Exercise data Block Start

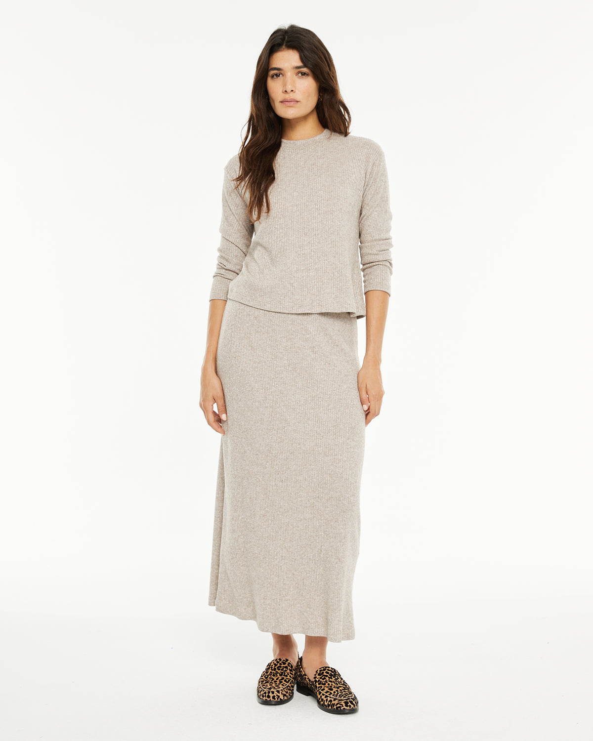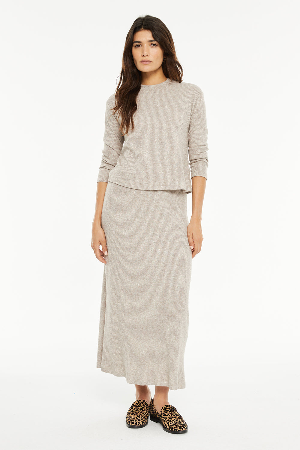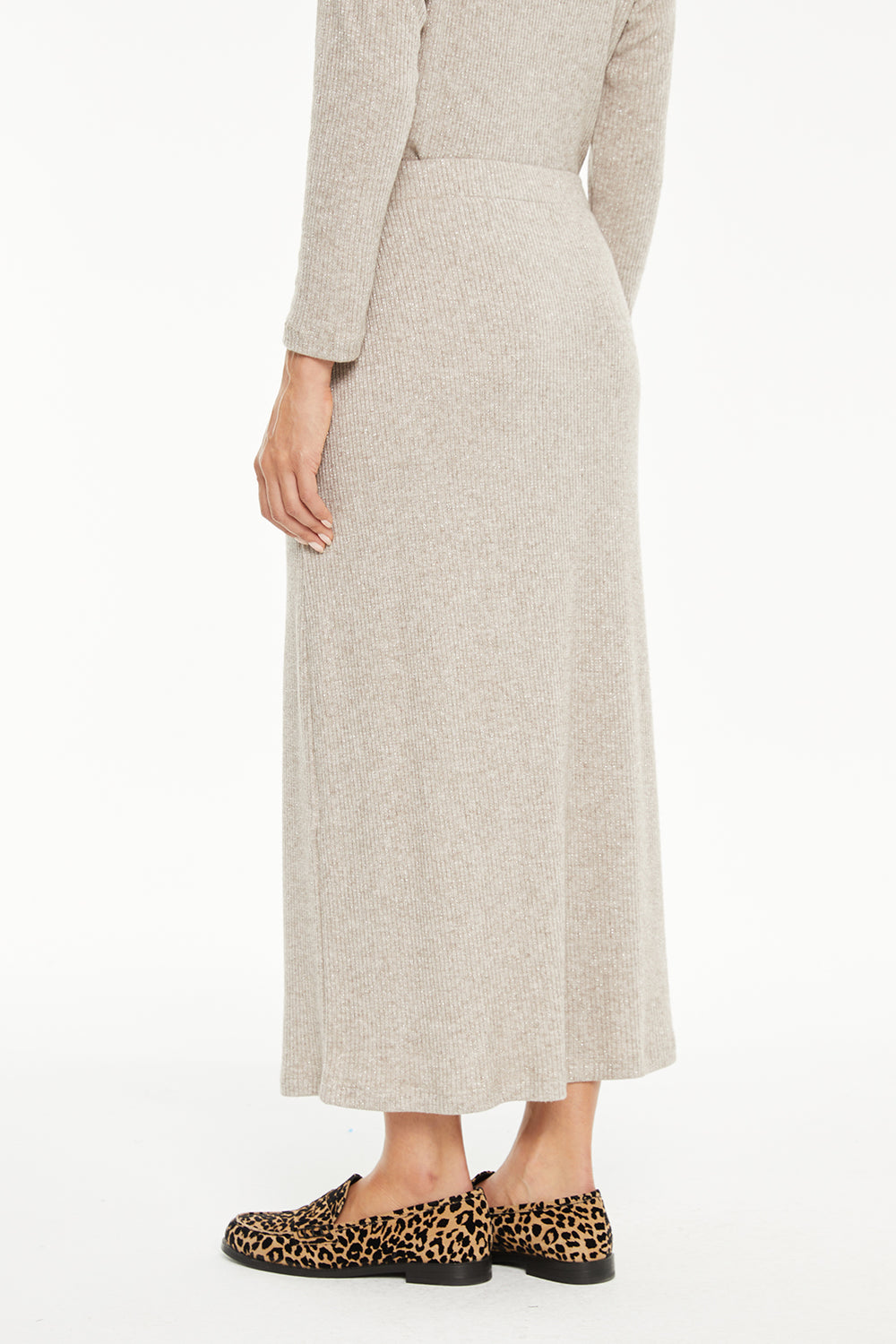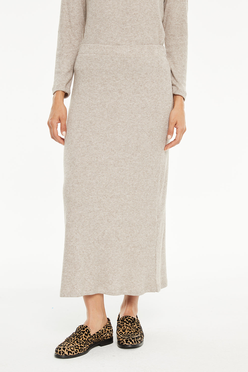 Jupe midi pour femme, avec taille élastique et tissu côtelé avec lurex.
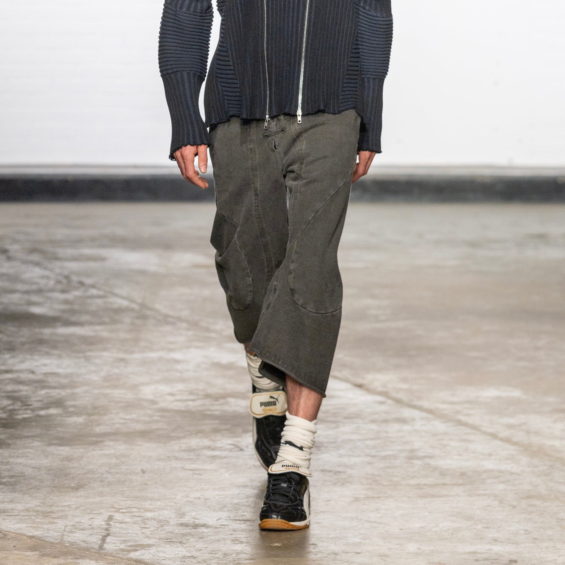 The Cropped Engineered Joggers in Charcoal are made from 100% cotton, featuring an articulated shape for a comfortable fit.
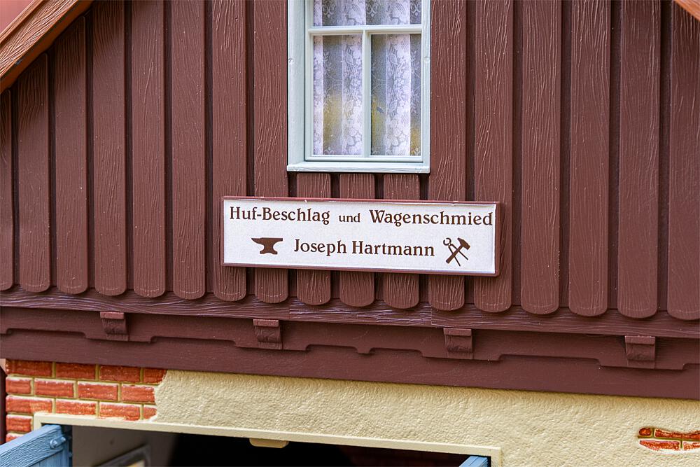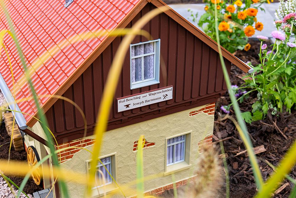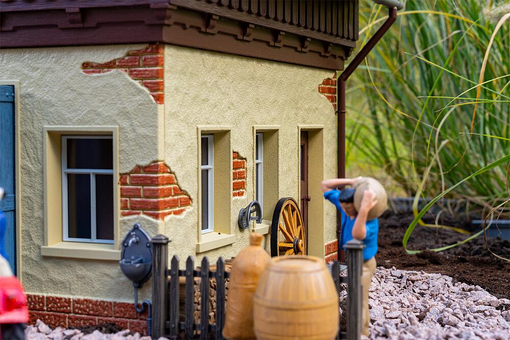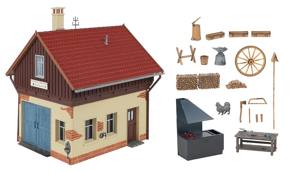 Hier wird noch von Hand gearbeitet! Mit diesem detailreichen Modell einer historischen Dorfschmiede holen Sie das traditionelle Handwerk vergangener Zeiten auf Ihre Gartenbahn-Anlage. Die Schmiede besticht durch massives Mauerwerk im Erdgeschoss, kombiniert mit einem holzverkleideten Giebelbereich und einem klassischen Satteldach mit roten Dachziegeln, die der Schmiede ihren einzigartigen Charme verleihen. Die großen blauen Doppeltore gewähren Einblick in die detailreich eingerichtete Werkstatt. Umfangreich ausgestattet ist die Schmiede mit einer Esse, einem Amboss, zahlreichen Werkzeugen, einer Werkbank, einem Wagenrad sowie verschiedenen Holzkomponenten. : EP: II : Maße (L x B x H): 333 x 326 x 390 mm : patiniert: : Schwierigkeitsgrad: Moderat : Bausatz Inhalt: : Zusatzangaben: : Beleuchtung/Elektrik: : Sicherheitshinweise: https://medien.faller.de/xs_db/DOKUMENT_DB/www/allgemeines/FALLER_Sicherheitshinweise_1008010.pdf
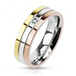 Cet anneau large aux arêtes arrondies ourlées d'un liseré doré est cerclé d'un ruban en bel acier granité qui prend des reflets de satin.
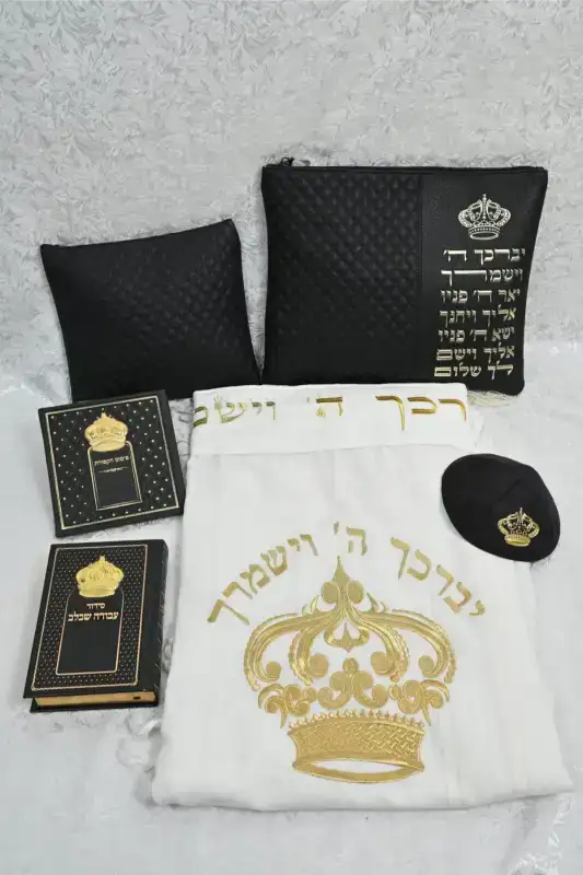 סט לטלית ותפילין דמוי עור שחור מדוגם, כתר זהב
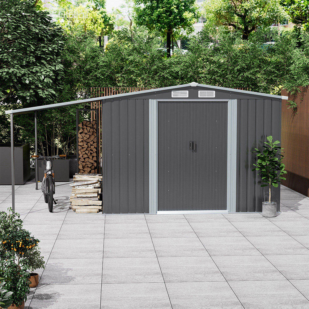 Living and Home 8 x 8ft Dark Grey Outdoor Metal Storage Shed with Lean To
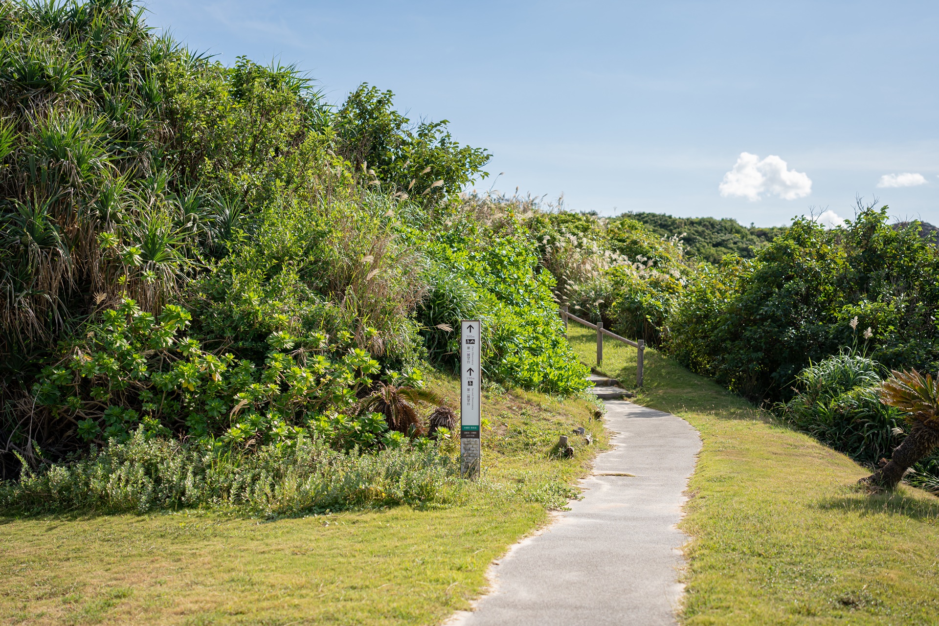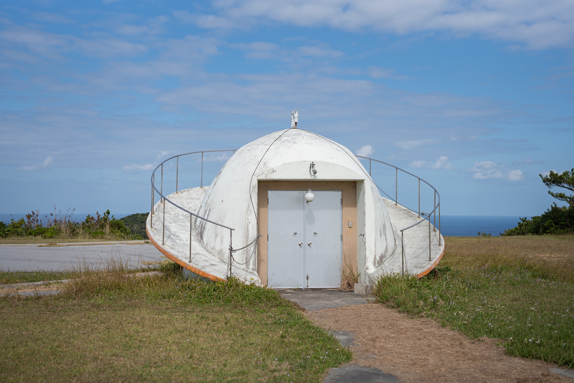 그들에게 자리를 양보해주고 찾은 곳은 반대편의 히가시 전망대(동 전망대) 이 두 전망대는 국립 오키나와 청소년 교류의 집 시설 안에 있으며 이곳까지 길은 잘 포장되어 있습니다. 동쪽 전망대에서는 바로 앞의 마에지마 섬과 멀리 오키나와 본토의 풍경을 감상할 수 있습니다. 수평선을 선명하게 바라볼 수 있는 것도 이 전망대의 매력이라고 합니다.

Exercise data Block End

* _What you need to do_
Starting from the first line of the listing above, write out every line exactly through the one containing "The Cropped Engineered", and drop the pictures.

* _Solution to this exercise_
 Jupe midi pour femme, avec taille élastique et tissu côtelé avec lurex.
 The Cropped Engineered Joggers in Charcoal are made from 100% cotton, featuring an articulated shape for a comfortable fit.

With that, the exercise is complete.